2.2. Teori Perdagangan Internasional
David Ricardo memberikan landasan tentang perdagangan internasional
yang dimulai dari konsep keunggulan komparatif (comparative advantage).
Ricardo hanya menekankan labour content theory atau produktivitas tenaga kerja
sebagai basis keunggulan komparatif. Suatu negara akan mendapatkan
keuntungan perdagangan (gain from trade) apabila kedua negara
menspesialisasikan diri pada sektor yang mana negara itu memiliki keunggulan
komparatif.
Krugman (2003; 2005), dalam Kementerian Perdagangan (2014),
menjelaskan bahwa suatu Negara memiliki keunggulan komparatif pada suatu
produk apabila opportunity cost memproduksi produk tersebut lebih kecil di
negara tersebut dibandingkan dengan diproduksi di negara lain. Dalam hal ini,
keunggulan komparatif dilihat dengan cara membandingkan opportunity cost
yang akan hilang oleh suatu negara apabila negara tersebut melakukan realokasi
Puska KPI, BPPP, Kementerian Perdagangan 8
sumber daya yang ada kepada suatu produk sehingga kehilangan
kemampuannya untuk memproduksi produk yang lain (Krugman, 2003).
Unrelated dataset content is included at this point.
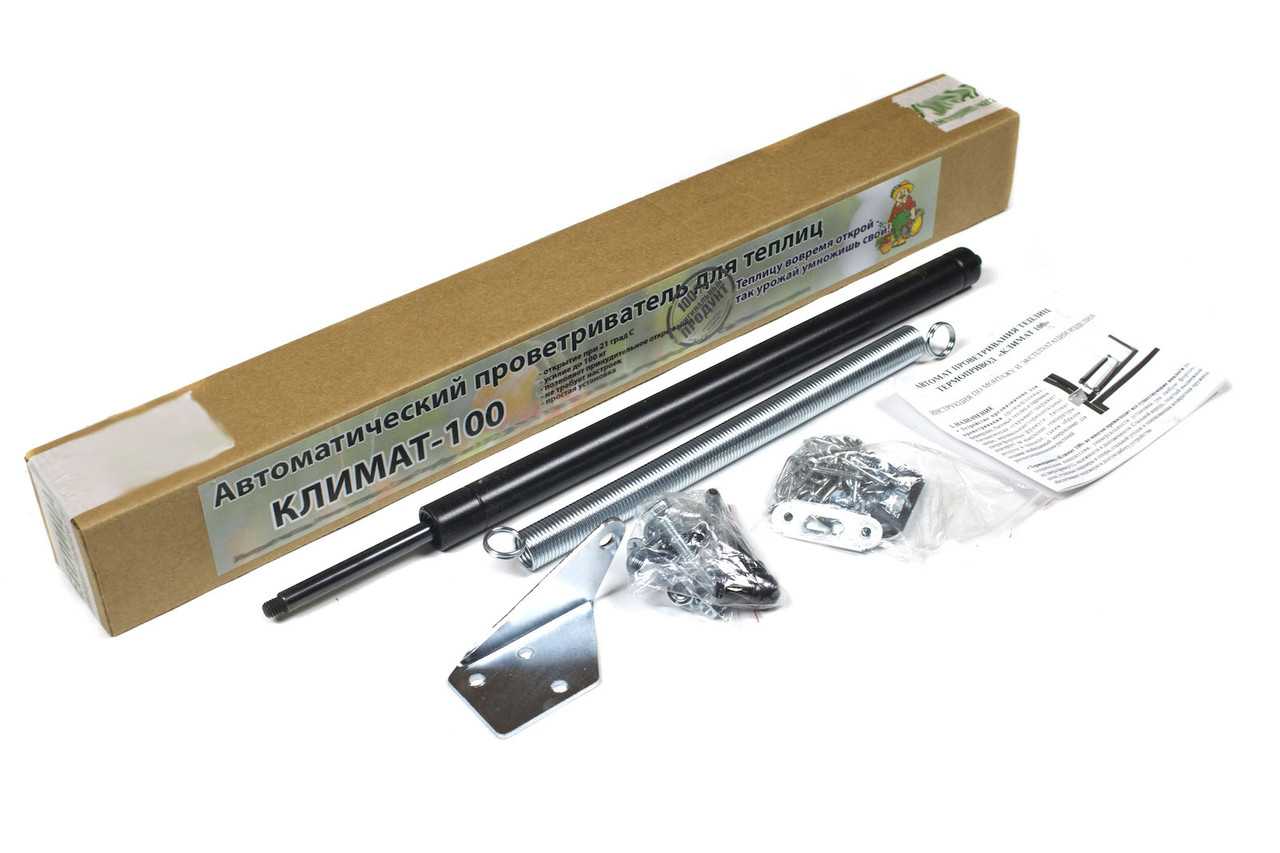 Климат 100 – это автоматический проветриватель для теплиц, который не нуждается в электричестве, полностью автономен и может использоваться с дверью весом до 100 кг. Когда температура воздуха в теплице поднимается выше +21 градусов, проветриватель начинает открывать теплицу, а при температуре +30 градусов дверь открывается полностью. Максимальный угол открытия створки составляет 90-100 градусов. Цена 1100 р.

Lebih lanjut, permintaan dunia akan menentukan posisi keunggulan
komparatif suatu negara (Krugman, 2005). Apabila harga dunia berada pada
kisaran perbandingan rasio opportunity cost kedua negara maka keunggulan
komparatif akan terbentuk sehingga kedua negara dapat berdagang. Namun
apabila harga dunia terlalu tinggi atau terlalu rendah dibandingkan dengan rasio
opportunity cost kedua negara, maka kedua negara akan memiliki perdagangan
satu arah.
Efisiensi dan produktivitas suatu negara akan membentuk keunggulan
komparatif suatu negara. Perkembangan teknologi akan mengubah alokasi
sumberdaya dalam suatu negara dan akan mengubah keunggulan komparatif
suatu negara. Konsep keunggulan komparatif menjelaskan walaupun suatu
negara tidak memiliki keunggulan absolut, suatu negara masih dapat
mendapatkan keuntungan perdagangan. Suatu negara dapat dipastikan memiliki
keunggulan komparatif (Krugman 2003).
Kemampuan suatu negara menemukan keunggulan komparatifnya akan
memberikan optimalisasi kesejahteraan dan keuntungan negara tersebut dalam
berdagang (Krugman, 2003). Krugman (2003) mencontohkan hal tersebut
dengan model ekonomi satu faktor, dimana suatu negara akan mendapatkan
kesejahteraan lebih tinggi apabila negara tersebut menspesialisasikan pada
produk yang memiliki keunggulan komparatif. Selain itu, kemampuan suatu
negara menemukan dan menspesialisasikan pada keunggulan komparatif akan
menentukan pola perdagangan kedua negara. Pembentukan efisiensi suatu
negara akan berdampak pada keunggulan komparatif suatu Negara (Krugman,
2003).
2.3. Liberalisasi
Dalam perdagangan internasional, liberalisasi berarti penghilangan
kebijakan dan aturan yang sifatnya menghambat perdagangan. Kebijakan atau
aturan tersebut berlaku, baik kebijakan tarif maupun non-tarif, pada perdagangan
barang dan jasa. Dalam perdagangan barang, liberalisasi perdagangan berarti
mengurangi hambatan impor barang dari luar negeri untuk lebih bebas masuk ke
Puska KPI, BPPP, Kementerian Perdagangan 9
dalam negeri, dan begitu pula sebaliknya pengurangan hambatan untuk ekspor
barang ke luar negeri yang diberikan oleh negara mitra. Dengan kata lain,
penghilangan hambatan perdagangan dapat dikatakan sebagai insentif bagi
kegiatan perdagangan sehingga dapat berimplikasi pada semakin intensifnya
perdagangan antar negara.
Ide liberalisasi perdagangan pada dasarnya ditujukan untuk meningkatkan
kesejahteraan negara-negara yang terlibat di dalamnya. Teori perdagangan
internasional yang ditawarkan oleh Adam Smith, David Ricardo, Heckscher-
Ohlin, dan teori perdagangan internasional modern lainnya memberikan
penekanan bahwa negara-negara akan menjadi lebih sejahtera dengan
perdagangan internasional yang semakin bebas hambatan. Lebih lanjut,
pandangan outward looking memandang bahwa dengan masuknya barang impor
ke pasar domestik akan menekan produsen domestik untuk menjadi lebih efisien.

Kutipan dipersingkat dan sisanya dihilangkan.